Al “San Nicola” aveva sbloccato il risultato, poi il gol è stato annullato dal Var. Più tardi, con quello regolare, ha chiuso il conto dando saggio (qualora ce ne fosse bisogno) delle sue capacità. Non solo tecniche: lasciare sul posto gli avversari lanciandosi da solo verso la porta avversaria (Cacia, non un attaccante qualsiasi, ne segnò uno smile al “Del Duca” contro la Salernitana) con un allungo bruciante dopo 91 minuti (89+2 del recupero del primo tempo) di grosso dispendio di energie.

 

Bucchi da brocco a fenomeno in men che non si dica. Non scherziamo. Anzi, si cosparga abbondantemente il capo di cenere chi l’ha contestato e a che chi negli ultimi tempi ha seminato zizzania mettendo nel calderone società, staff tecnico e giocatori.
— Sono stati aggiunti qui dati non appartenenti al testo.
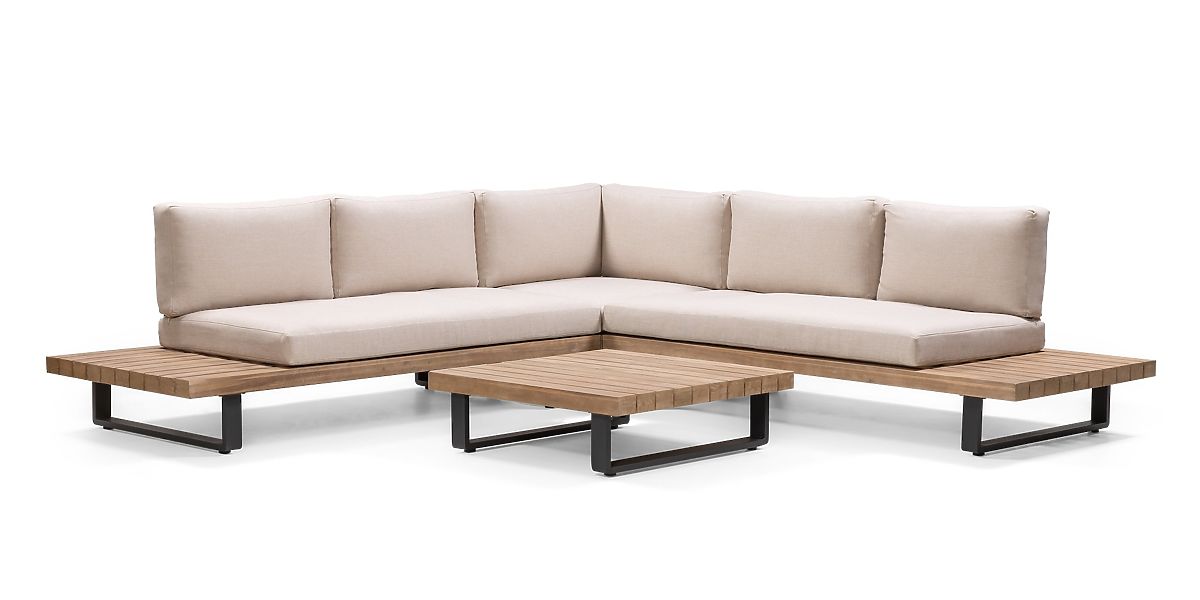 Gartenecksofa mit Tisch Borgo, Akazienholz FSC, Teak-Optik, Beige
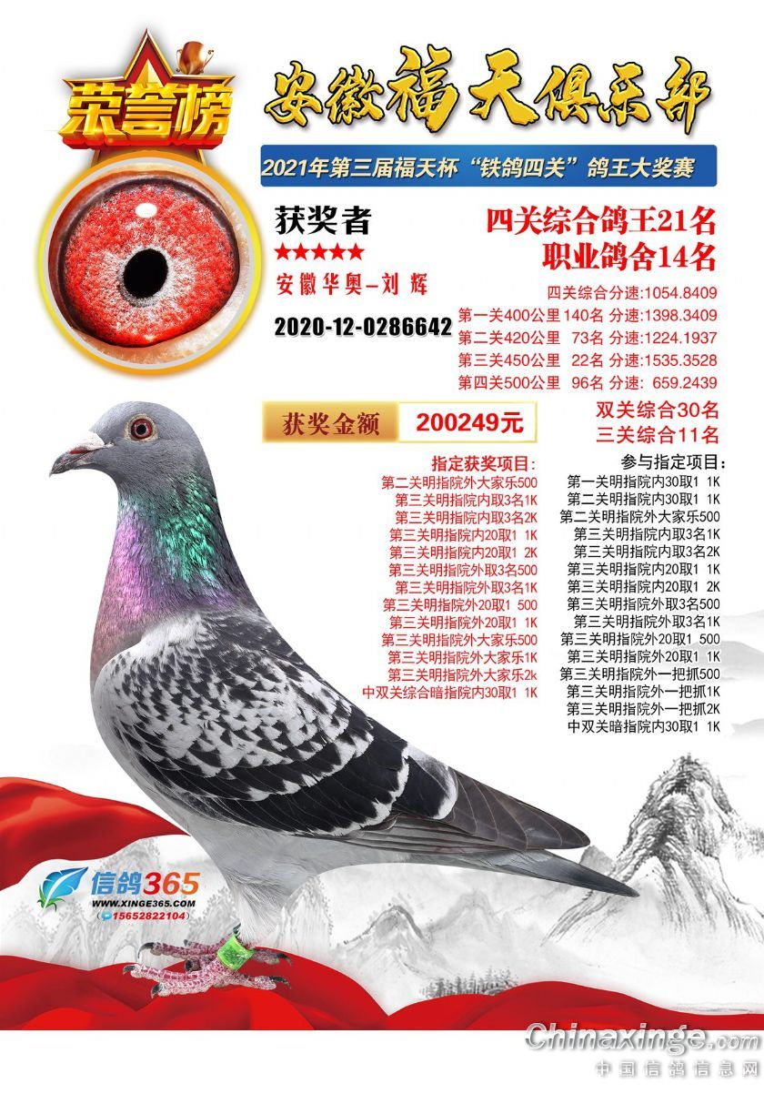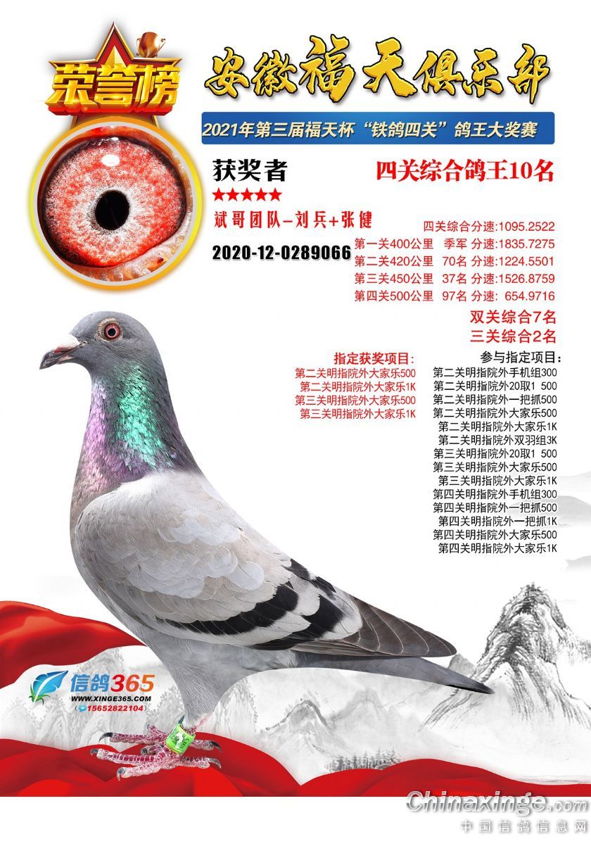 作品说明: 安徽福天俱乐部2021年春四关鸽王欣赏1-30名

Gran parte degli ultras questo l’aveva capito prima di Bari. Molti tifosi da tribuna e da tv un po’ meno.

 

L’Ascoli a Bari ha battuto una squadra forte (ma non esageriamo più di tanto), ma soprattutto ha avuto ragione del comportamento degli avversari che ha lasciato come minimo perplessi. Complice un arbitro inesperto che alla fine ha scontentato tutti, i giocatori di casa fin dalla prima azione hanno avuto da ridire ogni volta che il direttore di gara siciliano portava il fischietto alla bocca. Con le parole e con gesti plateali che, ricordiamolo, possono essere passibili di ammonizione. L’hanno fatto forti di un ambiente dove 32.000 tifosi sugli spalti non sono poca cosa. Non lo sarebbe nemmeno in serie A. Vengono allora alla mente le partite giocate a porte chiuse durante l’emergenza covid, quando queste scenette non potevano accadere.

 

Giovedì c’è la gara di Coppa Italia contro la Sampdoria che l’Ascoli potrà affrontare con la mente sgombra. Poi nel posticipo del “Del Duca” lunedì 24 arriverà il Cagliari e l’Ascoli avrà il vantaggio di conoscere tutti gli altri risultati. Intanto, come serie B storicamente insegna, dai confini della zona playout il Picchio si ritrova ai confini di quelli playoff.

 

Il periodo no è alle spalle. Avanti così. Avanti tutta.